Cases of child custody and restraining orders most often go hand in hand in California. Consider a heated divorce case marked with domestic violence instances and involving children in addition. In this kind of case, the presiding court may find itself having to issue a restraining order against the abusing ex-spouse and decide child custody. 

When you seek child custody and a restraining court order simultaneously, understanding the legal considerations involved is crucial. That is because they can affect the well-being and safety of every involved party. The best place to start is to seek legal advice. This blog explains relevant California considerations and laws for people in this intricate situation.

Understanding Restraining Orders 

The interplay between a restraining (protective) order and custody can be extensive. To begin with, let us review what a protective order is and the various types you can obtain under California law: 

A restraining order is a court-issued order to bar a person from committing a given action, particularly contacting or approaching a specified party. Various types of restraining orders exist under California law. They include:

● Domestic violence restraining orders (DVROs)

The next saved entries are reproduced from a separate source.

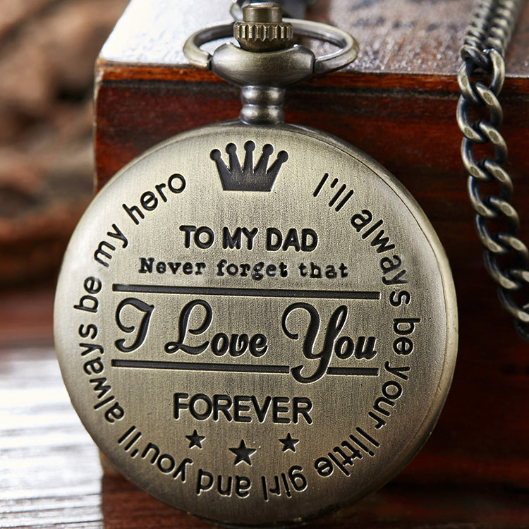 Emlékeztesse fiát, mennyire szereti őt ezzel a gyönyörű, lézergravírozott zsebórával. Ez a zsebóra az ideális ajándék, amelyet ő is igazán értékelni fog. Ezzel a gravírozott szuvenírrel örökre magával viheti a szeretetét...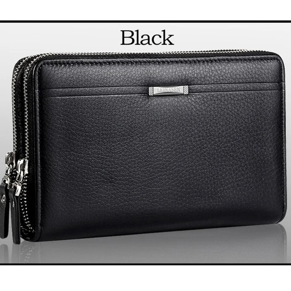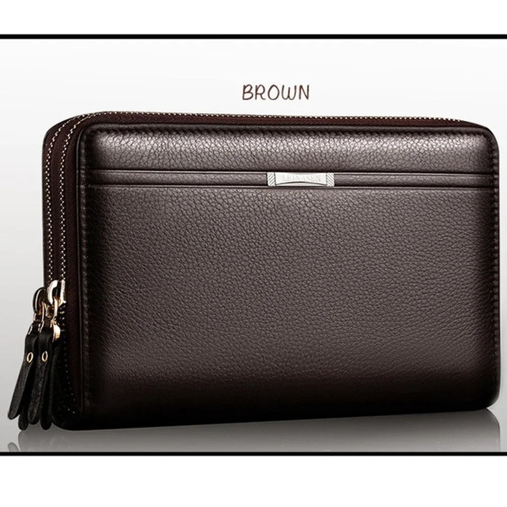This men's clutch bag is perfect for business and casual use. It features a double zipper design for convenient access to your money and cards. The brown leather adds a touch of elegance to your style.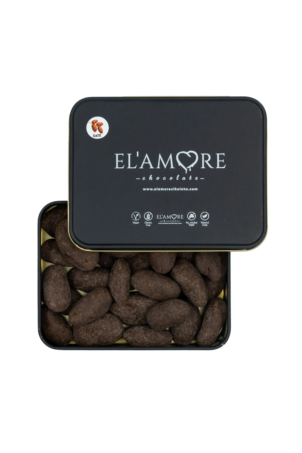 Elamore Şeker İlavesiz Hurmalı Bitter Çikolata 150 gr Metal Kutu

● Workplace violence restraining orders

● Civil harassment restraining orders

● Elder or dependent adult abuse restraining orders

This blog refers to domestic violence restraining orders. A judge grants a DVRO when they determine that someone has perpetrated or threatened to perpetrate abuse against a person with whom they have or had an intimate relationship, including:

● An ex- or current domestic partner or spouse

● An ex or current roommate

● Someone they used to date or are currently dating

● Their child's mother or father

● A close relative, like a parent, grandparent, or sibling

Put otherwise; a judge issues a domestic violence restraining order when they find that somebody poses a danger to someone else to whom they are close. Some of the acts considered domestic abuse under California law are: 

● Making one’s partner, child, or spouse reasonable fear that they or someone else faces imminent danger of physical injury

● Any form of sexual assault of a family or household member

● Deliberately or recklessly inflicting bodily harm to a household member

● Committing any activity that would justify the court issuing a retraining order, including threatening texts or phone calls, harassment, physical assault, stalking, disturbing the victim’s peace, and destroying property.

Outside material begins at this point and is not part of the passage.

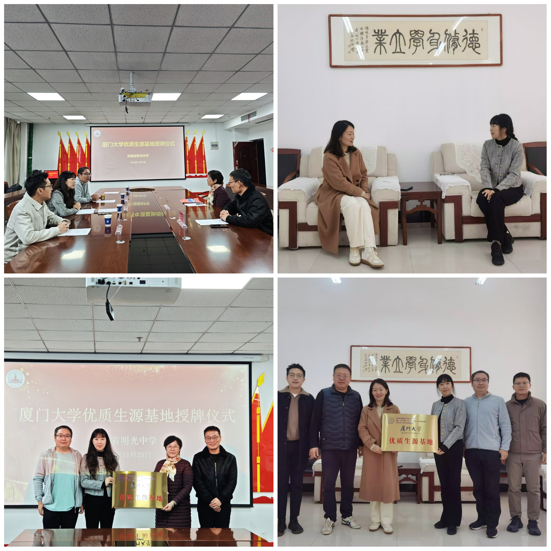为进一步扩大学校办学声誉、拓宽招生渠道、提高生源质量,11月25日至26日,厦门大学安徽招生宣传组分别赴安徽省明光中学、淮南第二中学开展招生宣传活动。医学院党委副书记辛晓丹,医学院特邀咨询员、海洋与地球学院黄永祥副教授等一行分别与两所中学开展座谈交流、教授进中学、招生宣讲等活动。

Disturbing the victim’s peace may include any act that would hurt their emotional or mental state. This includes:

● Isolating the victim from other support sources,

● Controlling their finances,

● Monitoring their movements and communications,

● Controlling pregnancy outcomes via coercion

● Interfering with their use of contraceptives

● Other ways that interfere with personal freedom 

California’s Policy on Domestic Abuse and Child Custody

It is California’s public policy that every decision about custody of a minor must center first on a child’s safety, welfare, and health. Not only is a child entitled to be free from abuse themselves, but the law clarifies that staying in a home with any form of domestic abuse is harmful to a minor’s welfare. Apart from these overall principles, California statutes include several specific provisions to address how the court must handle cases that involve domestic abuse, child neglect or abuse, and allegations of abuse. 

Obtaining a Domestic Violence Restraining Order

You must request a domestic abuse restraining order against somebody for the judge to lawfully issue it. To request a DVRO, you must follow particular steps. These include:

Completing application forms: Begin by completing and filing DVRO request forms. These include Form DV-100, Request for Domestic Violence Restraining Order, and Form CLETS-001, The Confidential Information for Law Enforcement. These forms require you to provide information on the supposed abuse and your requirement for protection. 

A date for a court hearing: After filing the documents, the court issues a hearing date. The hearing is essential in the DVRO issuing process. That is because it enables you to present your case and arguments and evidence to support the requirement for a DVRO. Prepare for this court date well. Review the court papers and prepare what you will say before the judge.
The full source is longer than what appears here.